▶ [About this task] Give the lines again exactly as they appear, beginning at the one with "불유사는 선산읍 이웃에" and ending at the last line of the records.

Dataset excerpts

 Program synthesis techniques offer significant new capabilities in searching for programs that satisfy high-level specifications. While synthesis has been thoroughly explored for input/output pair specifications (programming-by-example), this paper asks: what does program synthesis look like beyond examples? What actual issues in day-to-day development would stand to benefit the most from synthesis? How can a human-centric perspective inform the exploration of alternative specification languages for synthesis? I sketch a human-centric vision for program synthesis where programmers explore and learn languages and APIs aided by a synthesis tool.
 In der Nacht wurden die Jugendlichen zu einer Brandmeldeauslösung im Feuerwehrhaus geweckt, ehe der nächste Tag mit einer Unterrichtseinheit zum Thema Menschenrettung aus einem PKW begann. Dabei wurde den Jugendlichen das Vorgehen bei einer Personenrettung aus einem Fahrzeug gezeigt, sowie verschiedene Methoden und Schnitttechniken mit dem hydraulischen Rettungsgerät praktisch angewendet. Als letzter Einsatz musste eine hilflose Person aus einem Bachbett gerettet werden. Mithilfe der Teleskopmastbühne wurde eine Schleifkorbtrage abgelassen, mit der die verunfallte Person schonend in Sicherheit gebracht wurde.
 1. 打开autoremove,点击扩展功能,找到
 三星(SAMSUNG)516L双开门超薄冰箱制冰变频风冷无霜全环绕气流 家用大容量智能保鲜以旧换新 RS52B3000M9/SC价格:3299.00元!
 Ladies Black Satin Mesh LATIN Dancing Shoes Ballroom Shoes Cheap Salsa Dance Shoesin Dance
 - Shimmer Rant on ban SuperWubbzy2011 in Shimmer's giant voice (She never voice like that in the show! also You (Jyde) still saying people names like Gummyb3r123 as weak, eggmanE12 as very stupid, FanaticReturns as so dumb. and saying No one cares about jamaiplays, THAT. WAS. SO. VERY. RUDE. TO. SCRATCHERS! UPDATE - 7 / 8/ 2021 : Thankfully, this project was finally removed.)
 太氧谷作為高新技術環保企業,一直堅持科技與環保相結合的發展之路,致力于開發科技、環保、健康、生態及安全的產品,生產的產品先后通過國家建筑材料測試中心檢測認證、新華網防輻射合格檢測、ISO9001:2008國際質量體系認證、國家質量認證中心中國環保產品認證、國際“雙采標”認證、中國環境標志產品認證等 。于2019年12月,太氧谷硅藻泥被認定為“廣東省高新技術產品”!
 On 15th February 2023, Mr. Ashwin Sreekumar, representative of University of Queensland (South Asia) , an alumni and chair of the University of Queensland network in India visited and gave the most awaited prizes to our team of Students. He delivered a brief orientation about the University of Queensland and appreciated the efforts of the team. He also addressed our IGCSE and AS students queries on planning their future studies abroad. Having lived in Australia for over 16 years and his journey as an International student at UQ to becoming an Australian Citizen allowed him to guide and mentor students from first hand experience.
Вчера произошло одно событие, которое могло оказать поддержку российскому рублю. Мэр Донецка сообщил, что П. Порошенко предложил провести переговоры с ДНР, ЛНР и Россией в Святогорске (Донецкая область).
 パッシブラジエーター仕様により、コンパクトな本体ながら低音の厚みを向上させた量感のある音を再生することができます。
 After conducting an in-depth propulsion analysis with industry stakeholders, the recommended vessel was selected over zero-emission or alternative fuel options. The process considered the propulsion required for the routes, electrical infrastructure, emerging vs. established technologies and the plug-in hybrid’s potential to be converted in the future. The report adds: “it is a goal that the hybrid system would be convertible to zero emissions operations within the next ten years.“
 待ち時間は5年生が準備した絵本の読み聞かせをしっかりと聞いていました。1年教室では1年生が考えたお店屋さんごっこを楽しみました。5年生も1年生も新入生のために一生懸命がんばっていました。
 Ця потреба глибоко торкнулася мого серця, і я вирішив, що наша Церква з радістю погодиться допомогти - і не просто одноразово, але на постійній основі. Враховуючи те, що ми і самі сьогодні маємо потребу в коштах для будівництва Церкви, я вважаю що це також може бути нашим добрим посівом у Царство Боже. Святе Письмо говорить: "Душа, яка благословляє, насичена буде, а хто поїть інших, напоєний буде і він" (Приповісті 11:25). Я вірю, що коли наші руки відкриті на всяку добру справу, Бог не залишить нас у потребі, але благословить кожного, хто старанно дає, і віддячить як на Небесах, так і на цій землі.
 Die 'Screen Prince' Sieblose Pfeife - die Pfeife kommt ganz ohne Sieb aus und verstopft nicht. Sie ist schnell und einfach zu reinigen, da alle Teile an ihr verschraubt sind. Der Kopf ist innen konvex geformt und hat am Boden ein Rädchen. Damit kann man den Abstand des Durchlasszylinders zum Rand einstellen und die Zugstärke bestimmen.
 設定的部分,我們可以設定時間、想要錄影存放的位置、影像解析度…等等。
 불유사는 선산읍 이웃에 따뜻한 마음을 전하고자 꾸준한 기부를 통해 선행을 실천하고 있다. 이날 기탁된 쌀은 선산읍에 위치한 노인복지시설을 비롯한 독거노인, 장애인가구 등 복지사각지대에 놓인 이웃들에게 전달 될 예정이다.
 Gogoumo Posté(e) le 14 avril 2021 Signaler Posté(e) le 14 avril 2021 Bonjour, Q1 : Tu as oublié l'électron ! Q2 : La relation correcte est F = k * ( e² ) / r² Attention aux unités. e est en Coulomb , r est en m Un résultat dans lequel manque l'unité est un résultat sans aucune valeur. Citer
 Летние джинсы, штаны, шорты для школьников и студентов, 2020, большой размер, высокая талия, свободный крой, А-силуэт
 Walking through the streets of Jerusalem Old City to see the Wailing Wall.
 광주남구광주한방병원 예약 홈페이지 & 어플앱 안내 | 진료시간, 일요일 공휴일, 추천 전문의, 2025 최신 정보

▶ [Answer to this task]
 불유사는 선산읍 이웃에 따뜻한 마음을 전하고자 꾸준한 기부를 통해 선행을 실천하고 있다. 이날 기탁된 쌀은 선산읍에 위치한 노인복지시설을 비롯한 독거노인, 장애인가구 등 복지사각지대에 놓인 이웃들에게 전달 될 예정이다.
 Gogoumo Posté(e) le 14 avril 2021 Signaler Posté(e) le 14 avril 2021 Bonjour, Q1 : Tu as oublié l'électron ! Q2 : La relation correcte est F = k * ( e² ) / r² Attention aux unités. e est en Coulomb , r est en m Un résultat dans lequel manque l'unité est un résultat sans aucune valeur. Citer
 Летние джинсы, штаны, шорты для школьников и студентов, 2020, большой размер, высокая талия, свободный крой, А-силуэт
 Walking through the streets of Jerusalem Old City to see the Wailing Wall.
 광주남구광주한방병원 예약 홈페이지 & 어플앱 안내 | 진료시간, 일요일 공휴일, 추천 전문의, 2025 최신 정보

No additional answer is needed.